Semarang (ANTARA) - Modus pencurian data pribadi melalui phishing adalah kejahatan dunia digital yang berbahaya dan akhir-akhir ini marak terjadi melalui media sosial, salah satunya melalui pesan whatsapp. Banyak kasus phishing terjadi dengan mengirimkan link yang tidak terverifikasi melalui pesan whatsapp tersebut, karenanya harus diwaspadai.
“Semisal bapak dan ibu menerima link paket untuk dilacak atau pun surat undangan, jangan langsung diklik, karena jika bapak dan ibu mengklik link tersebut, maka data pribadi bapak dan ibu dicuri,” kata Ketua Tim Literasi Digital Adya Foundation I Komang Suartama.
Komang menambahkan, verifikasi terhadap sumber link dan memeriksa kredibilitas dari pengirim pesan adalah hal yang wajib dilakukan. Bukan hanya itu, sikap kita dalam menghadapi hal semacam itu juga menjadi faktor penting.
“Harus dapat menjaga emosi, jangan panik, periksa apakah linknya aman atau tidak, kenali ciri-ciri link yang berbahaya,” lanjutnya.
Menurut Komang, edukasi terkait digital skill menjadi hal yang krusial bagi masyarakat Serangan. Hal itu karena masyarakat juga harus turut serta berperan aktif dalam mengantisipasi adanya kejahatan-kejahatan yang muncul sebagai side effect kemajuan teknologi. Tidak hanya soal phishing, hoaks masih pula menjadi momok menakutkan bagi pesatnya digitalisasi.
“Biasanya kita dapat informasi di media digital lebih cepat daripada di koran. Hal itu adalah keunggulan pertama yang kita dapatkan dari mengakses media digital. Kemudian informasi bisa tersebar secara luas dan cepat, sehingga memudahkan kita dalam berbagi,” jelasnya.
Pada saat sebelum membagikan informasi, lanjut Komang, kita perlu memeriksa kredibilitas sumber berita. Masyarakat diharapkan dapat mengetahui berita mana yang layak dibagikan dan mana yang tidak.

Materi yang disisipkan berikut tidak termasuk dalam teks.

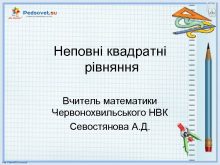 Неповні квадратні рівняння Вчитель математики Червонохвильського НВК Севостянова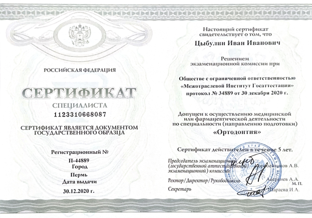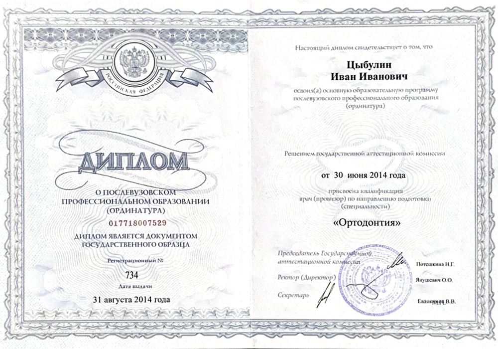 2014 г. - Ординатура в Московском государственном медико-стоматологическом университете им.А.И.Евдокимова по специальности «Ортодонтия».

“Apabila kemudian ditemukan berita yang mencurigakan, bapak dan ibu dapat melaporkan berita tersebut melalui aduan konten atau turnbackhoax.id,” pungkas Komang.
Bincang-bincang soal hoaks, Dosen Universitas Primakara Putri Anugrah Cahaya Dewi juga turut memaparkan pendapatnya. Menurut Putri, hoaks itu layaknya virus di mana jika kita ikut menyebarkan, virus itu bisa merebak ke berbagai arah.
“Jika kita mendapati berita itu tidak benar, maka kita harus menghentikan virus itu di kita agar kemudian tidak semakin menyebar,” katanya.
Saat ada yang kita kenal menyebarkan berita, lanjut Putri, perlu ditanyakan lagi keabsahan berita kepada yang bersangkutan. Jika dirasa sumber yang tertera tidak kredibilitas atau bahkan mencurigakan, hentikan di kita.
“Apapun yang kita sebarkan, kita memiliki andil di situ, sehingga kita harus tahu apa konsekuensinya. Jejak digital adalah hal yang nyata, sebabnya perlu kehati-hatian di media sosial,” lanjutnya.
Etika digital kemudian menjadi unsur yang penting dalam proses menyebarkan berita dan mengunggah konten. Hal itu adalah salah satu bentuk kontribusi
masyarakat dalam menjaga keseimbangan dan keamanan di ruang digital.
“Berkomunikasi di media sosial, harus hati-hati dengan apa yang kita posting, kritis terhadap berita yang kita terima, sebutkan sumber kita mau sharing data, jaga tata bahasa, dan jaga emosi di ruang digital,” pungkasnya.
Kegiatan Gali Ilmu Literasi Digital di Kota Denpasar pada Jumat (22/3/2024) dengan tema “Makin Cakap Digital dengan 4 Pilar Literasi Digital dan Produktivitas di Era Digital” tersebut merupakan rangkaian kegiatan program Indonesia Makin Cakap Digital yang diinisiasi oleh Kementerian Komunikasi dan Informatika (Kemenkominfo).